BEGIN

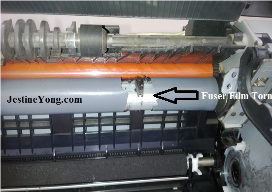 A friend gave me this printer to fix it. The complaint of this printer was fuser fixing film broken- see the photo below:
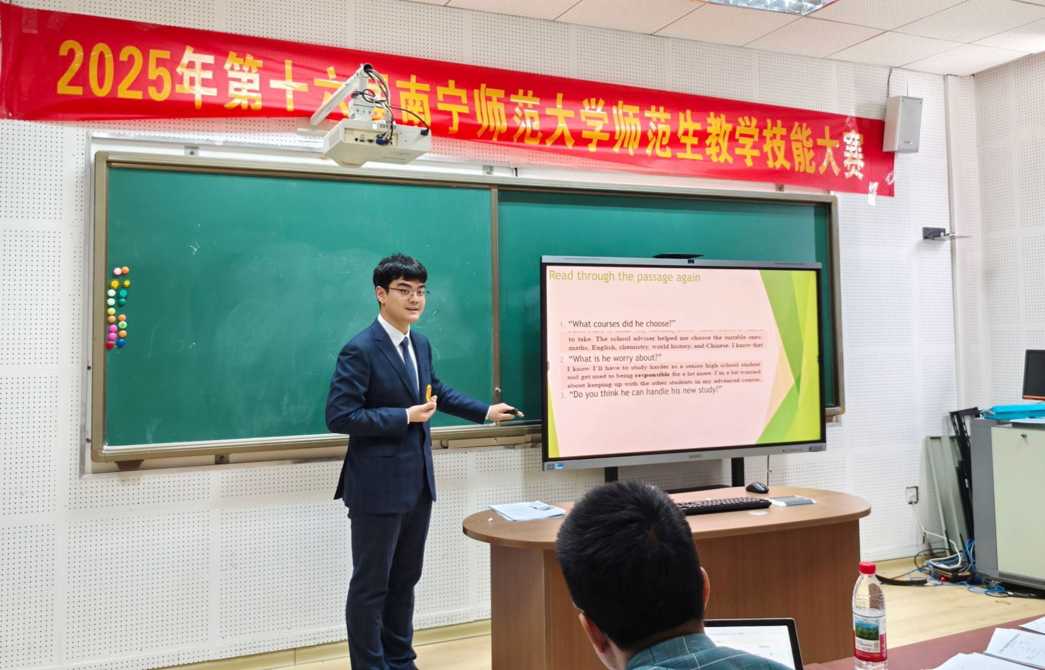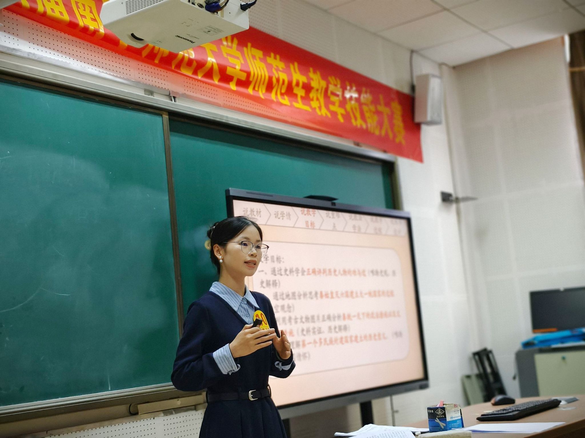 大赛严格对标全区师范生教学技能竞赛标准,设置教学设计、说课、模拟上课和板书三个竞赛环节,覆盖学前、小学、初中、高中和职师等多个学段和学科。参赛选手通过现场抽签确定比赛顺序和内容,每个竞赛环节都要求在限定的时间内完成,全面检验了师范生的教学基本功和综合素养。
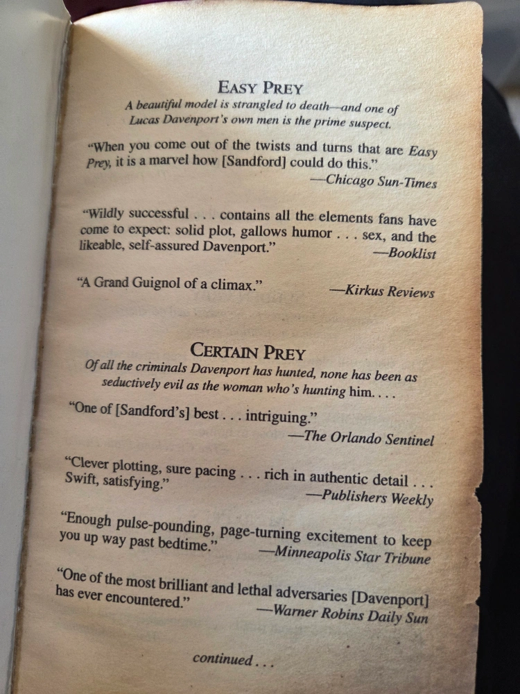 Selling the book Chosen Prey by John Sandford! It's part of the Lucas Davenport series. A thrilling read!
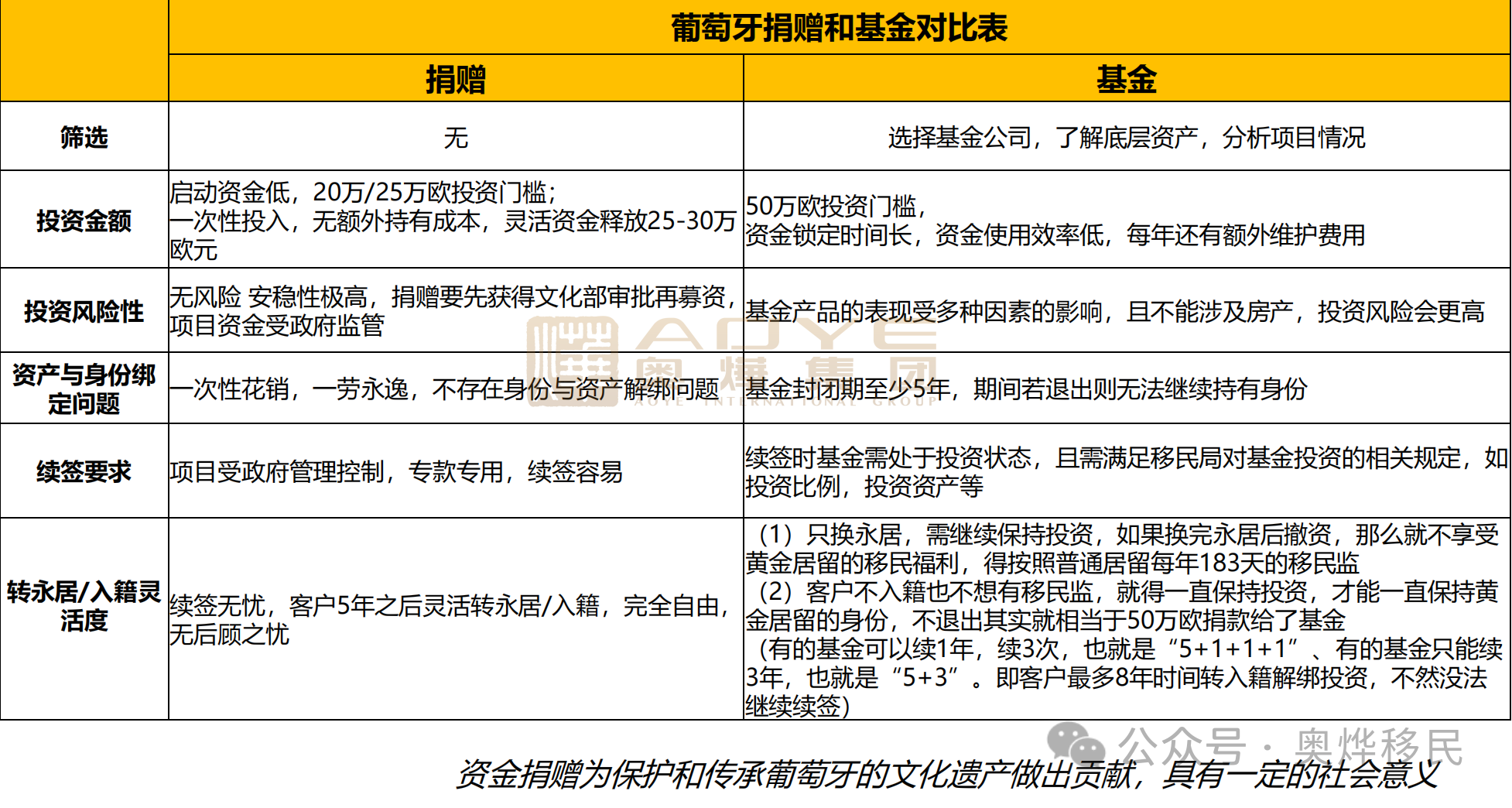 众所周知,葡萄牙50万欧基金与25万欧捐款是葡萄牙黄金签证的两种主流方式,以下是深度对比。
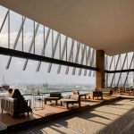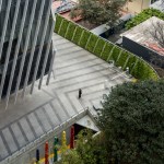 The ground floor is conceived as a plaza, a large public space, providing access and transit for the building’s various uses. A triple elevator core facilitates the operation of the hotel, offices, parking lot, and services. The vehicular and pedestrian entrances are set in a large plaza with textures and vegetation giving pedestrians priority over cars. The dominant textures used in the floor surface are natural limestone, which continues the geometry of the façade across the ground, with randomly-placed areas of paving.
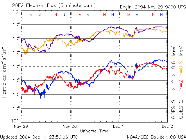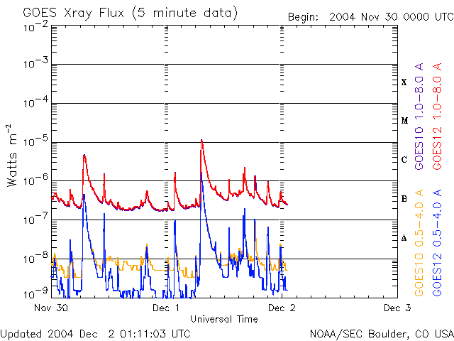 (c) NOAA/SEC ![]() SOHO衛星のMDIカメラによる太陽黒点 (c) SOHO (ESA & NASA) ![]() GOES衛星の太陽X線データ (c) NOAA/SEC ![]() | ||||||||||||||||||||||||||||||||||||||||||||||||||||||||
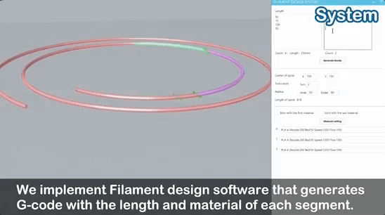 因此,研究人员设计了一款“长丝设计软件”,使用该软件可以生成每段长度和材料的G-code (数控编程语言):
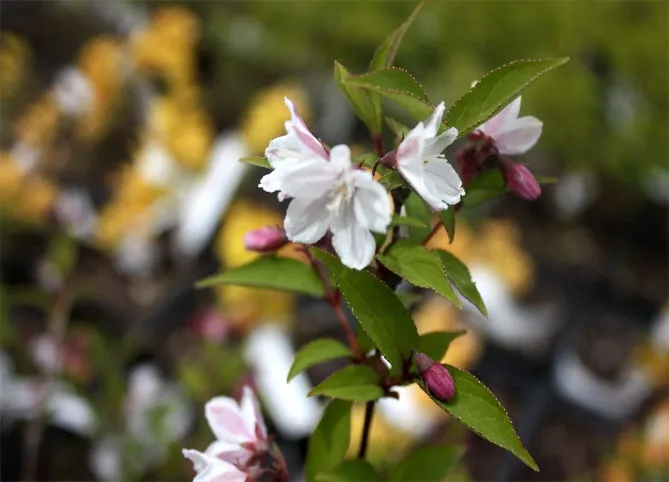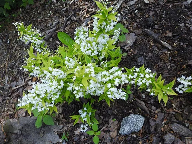 Дуже цікавий компактний сорт «Нікко» (Nikko), заввишки 40-50 см, з «соковитими», білими квітками, що з'являються в червні. Листя куща восени стає червоним.
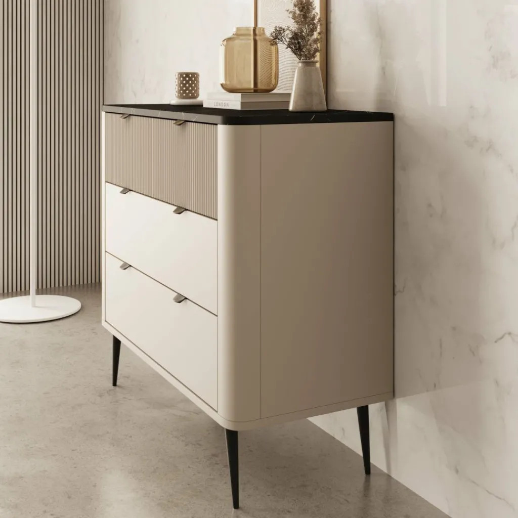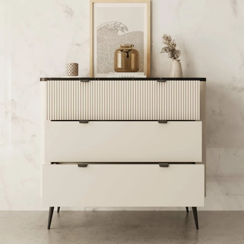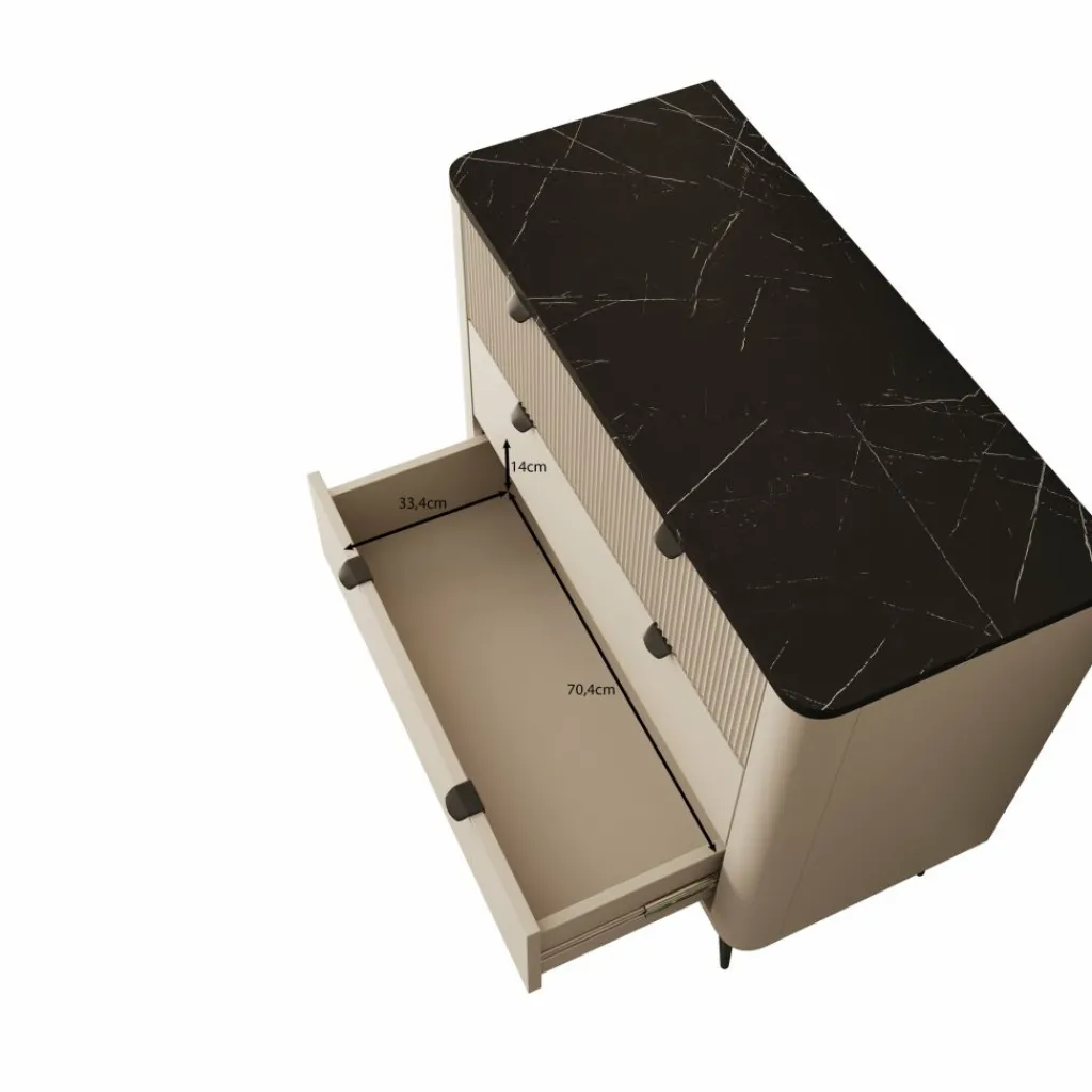 Ladekast Mace is een verfijnd en modern vormgegeven meubelstuk, uitgevoerd in beige met een opvallend zwart marmerlook blad. De afgeronde hoeken en verticale groeven op de bovenste lade geven deze kast een elegante en hotel-chique uitstraling. De zwarte handgrepen en slanke, metalen pootjes zorgen voor een strak geheel.

END

## Work to be completed
Pictures are not part of the copy; reproduce exactly and only the lines from the line containing "(c) NOAA/SEC ![]() SOHO衛星のMDIカメラによる太陽黒点" through the end of the listing.

## Written answer
 (c) NOAA/SEC ![]() SOHO衛星のMDIカメラによる太陽黒点 (c) SOHO (ESA & NASA) ![]() GOES衛星の太陽X線データ (c) NOAA/SEC ![]() | ||||||||||||||||||||||||||||||||||||||||||||||||||||||||
 因此,研究人员设计了一款“长丝设计软件”,使用该软件可以生成每段长度和材料的G-code (数控编程语言):
 Дуже цікавий компактний сорт «Нікко» (Nikko), заввишки 40-50 см, з «соковитими», білими квітками, що з'являються в червні. Листя куща восени стає червоним.
 Ladekast Mace is een verfijnd en modern vormgegeven meubelstuk, uitgevoerd in beige met een opvallend zwart marmerlook blad. De afgeronde hoeken en verticale groeven op de bovenste lade geven deze kast een elegante en hotel-chique uitstraling. De zwarte handgrepen en slanke, metalen pootjes zorgen voor een strak geheel.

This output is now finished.